Using the last of his phone cards and reading her number from a piece of paper, Brunetti called Mitri’s widow and, as he had on the day after Mitri’s death, listened to a recorded message saying that the family, burdened with grief, was accepting no messages. He switched the phone to the other ear and searched in his pocket until he found a piece of paper with Mitri’s brother’s number, but there, too, he heard only a message. On a whim, he decided to pass by Mitri’s apartment and see if anyone else from the family was there.
He took the 82 to San Marcuola and easily found his way to the building. He rang the bell and soon heard a man’s voice on the intercom, asking who he was. He said he was from the police, gave his rank but not his name, heard nothing for a moment, then was told to come in. The salt was still busy with its corrosive work, and paint and plaster lay in small piles on the stairs as before.
At the top a man in a dark suit stood just inside the open door. He was tall and very thin, with a narrow face and short dark hair just going grey at the temples. When he saw Brunetti, he stepped back to allow him to enter and extended his hand. ‘I’m Sandro Bonaventura,’ he said, ‘Paolo’s brother-in-law.’ Like his sister, he chose to speak Italian, not Veneziano, though the underlying accent was audible.

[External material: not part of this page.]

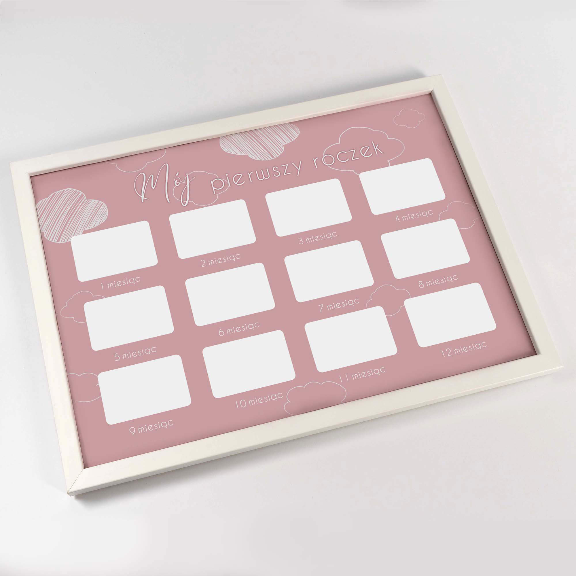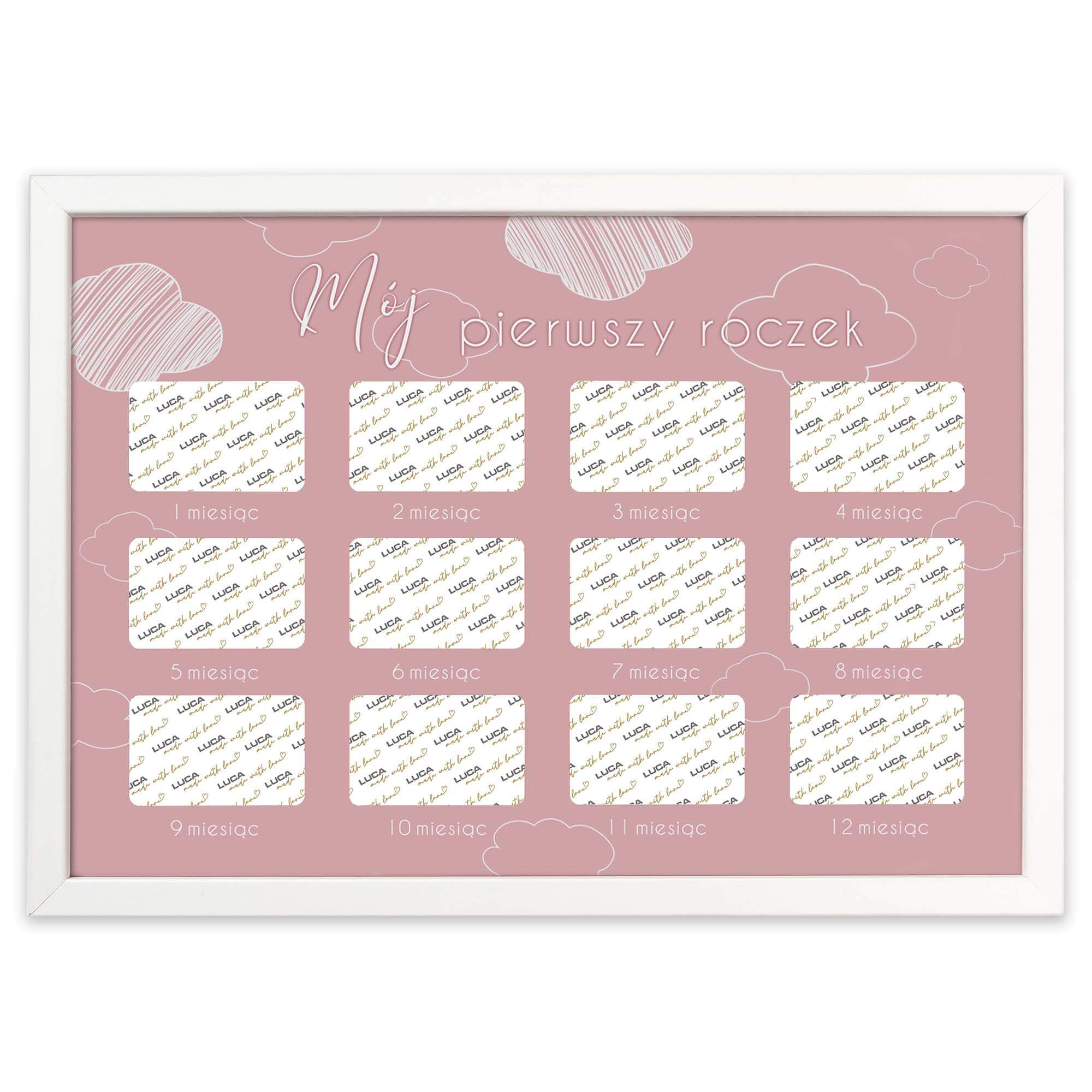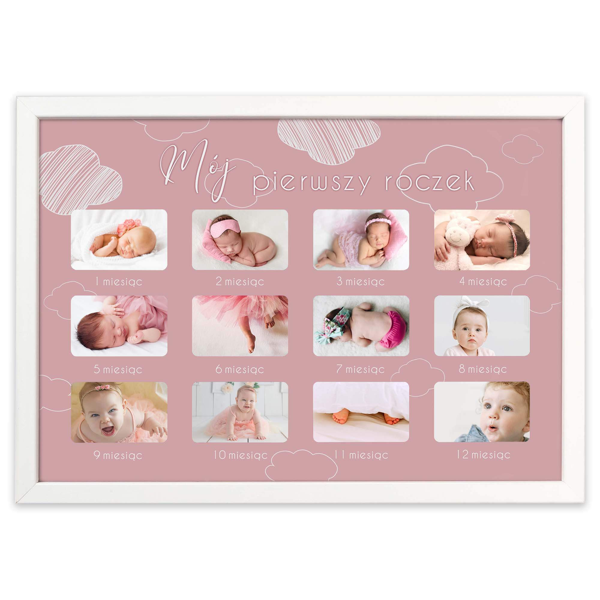 Wspaniałą pamiątką będzie umieszczenie w jednym miejscu 12 zdjęć przedstawiających kolejne etapy rozwoju niemowlaka. Szablon dołączony do produktu dostępny jest w dwóch wersjach kolorystycznych, różowej i błękitnej.

Brunetti shook hands and, still not giving his name, entered the apartment. Bonaventura led him into a large room at the end of the short corridor. He noticed that the floor in this room was covered with what looked like the original oak boards, not parquet, and the curtains in front of the double windows appeared to be genuine Fortuny cloth.

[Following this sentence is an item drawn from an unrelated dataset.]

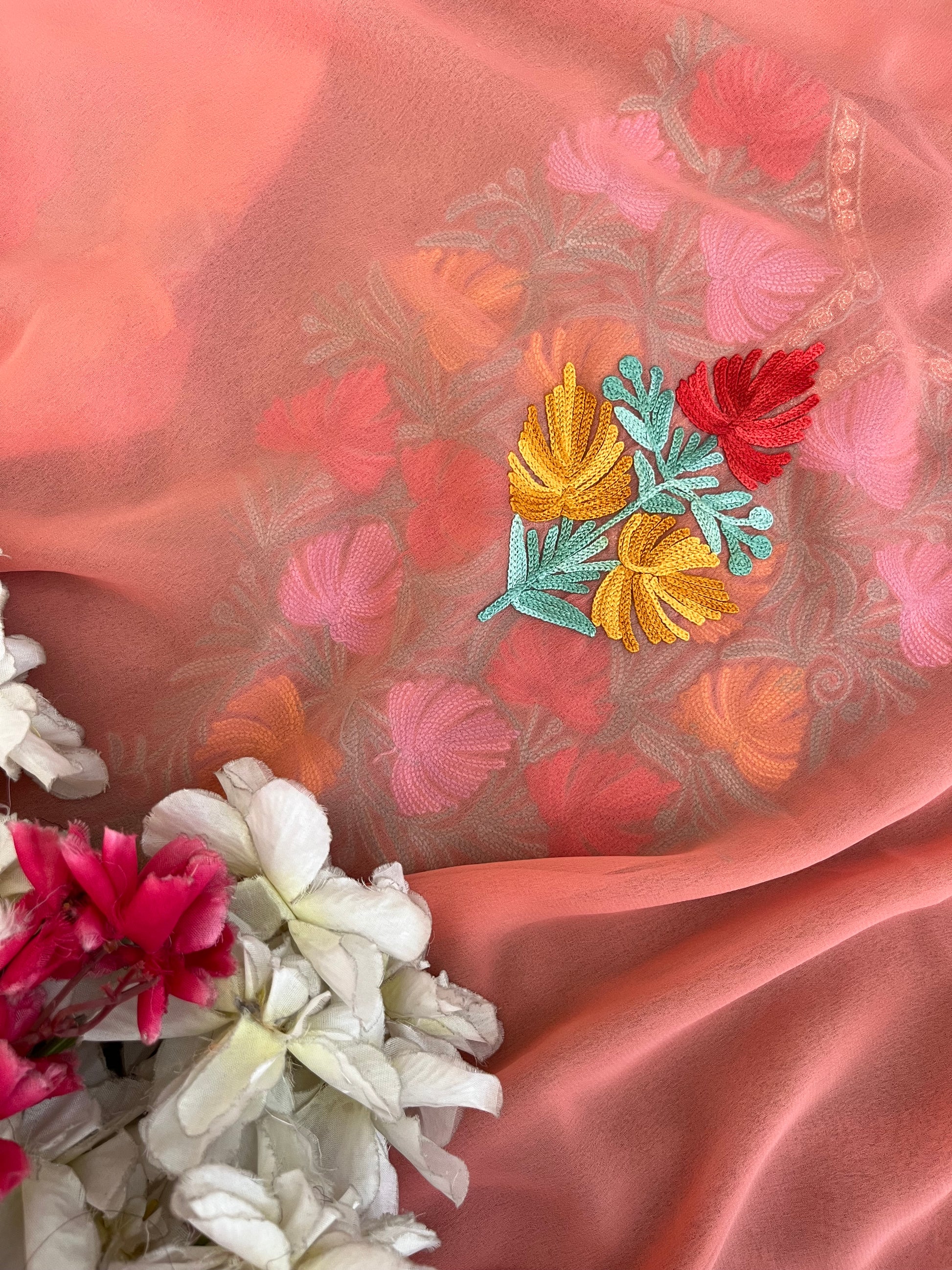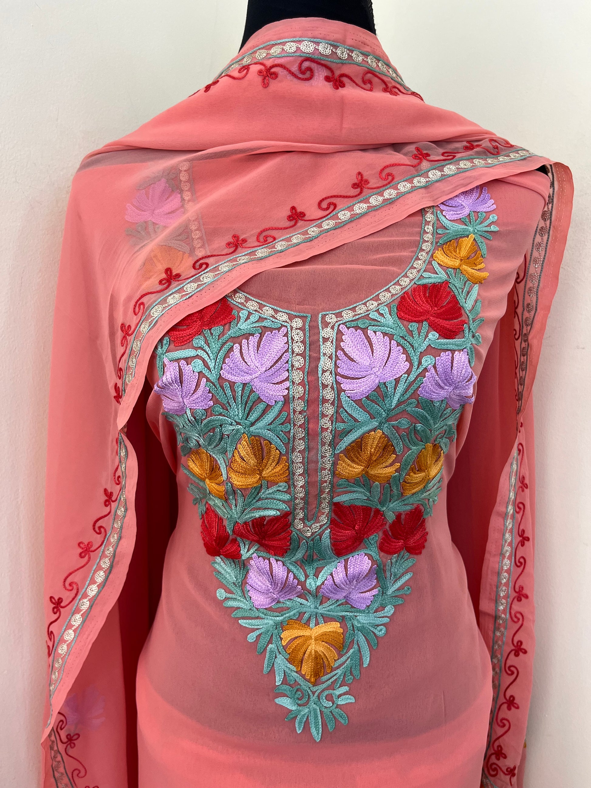 Pink Georgette 3 Pc Aari Embroidered Suit Set

Bonaventura motioned to a chair and, when Brunetti was seated, sat opposite him. ‘My sister isn’t here,’ he began. ‘She and her granddaughter have gone to stay a few days with my wife.’
‘I had hoped to speak to her,’ Brunetti said. ‘Have you any idea when she’ll be back?’

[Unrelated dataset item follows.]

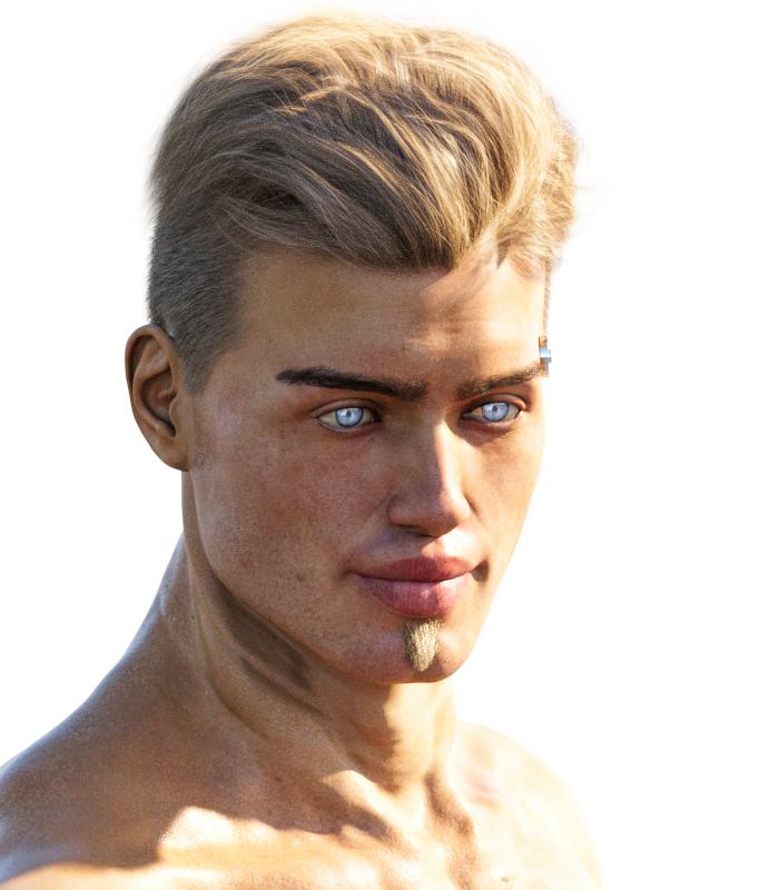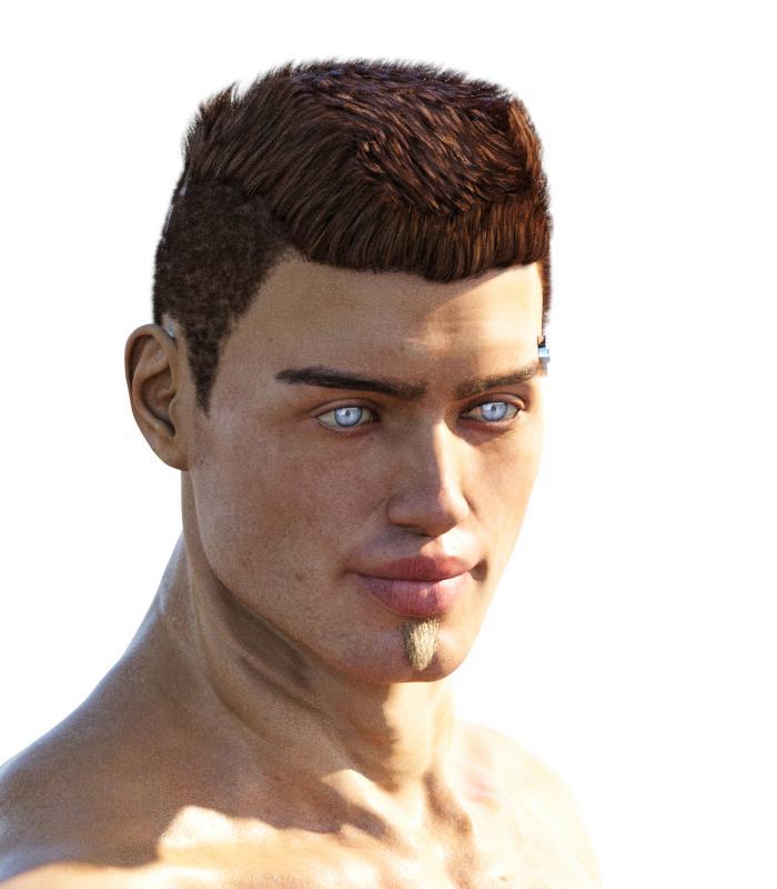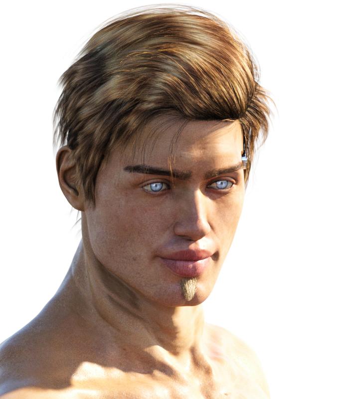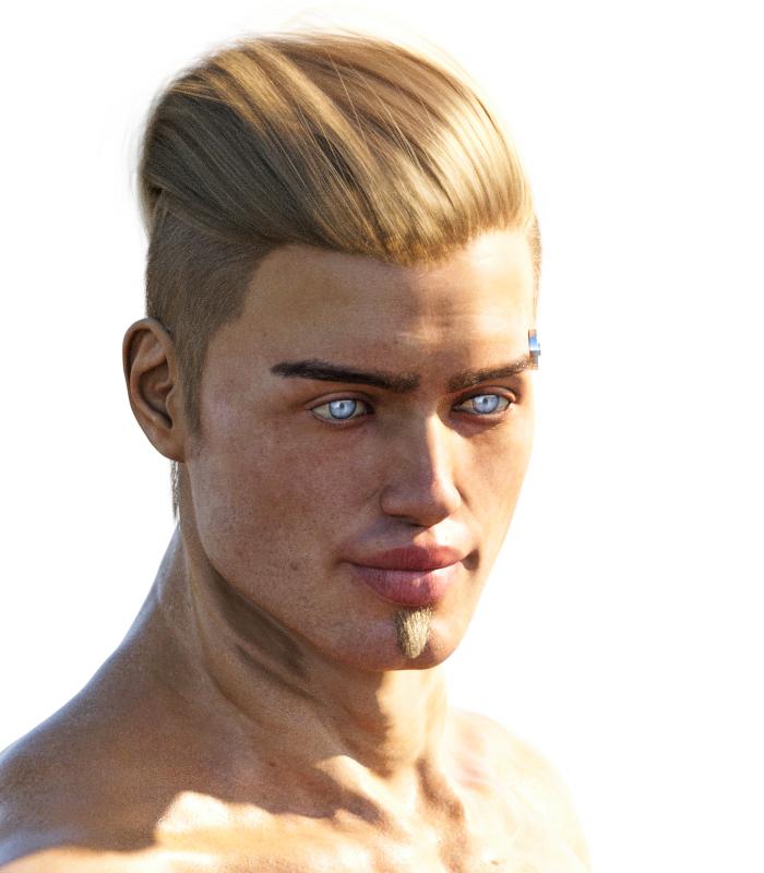 Nick Hair- I see this hair in the store a lot and in use in promos. There is a reason, its a nice basic. The hairline is sufficiently masculine , and the swoop is nice.The PA also included a lot of hair colors, and it renders quickly. This is a good value hair. It also fits well. Wheee a hair without an inch of skin over the ear. Like that.

Bonaventura shook his head. ‘She and my wife are very close, as close as sisters, so we asked her to come and stay with us when . . . when this happened.’ He looked down at his hands and shook his head slowly, then up again and met Brunetti’s eyes. ‘I can’t believe it happened, not to Paolo. There was no reason, none at all.’
‘There very often isn’t any reason, if a person comes in on a robber and he panics ...’
‘You think it was a robbery? What about the note?’ Bonaventura asked.
Brunett
i paused before he answered, ‘It could be that the robber chose him because of the publicity caused by the travel agency. He could have had the note with him, planned to leave it there after the robbery.’
‘But why bother?’
Brunetti had no idea at all and found the suggestion ridiculous. ‘To divert us from looking for a professional thief,’ he invented.
‘That’s impossible,’ Bonaventura said. ‘Paolo was killed by some fanatic who thought he was responsible for something he had no idea was going on. My sister’s life has been ruined. It’s just crazy. Don’t talk to me about thieves who come equipped with notes and don’t waste your time going around looking for them. You should be looking for the crazy person who did this.’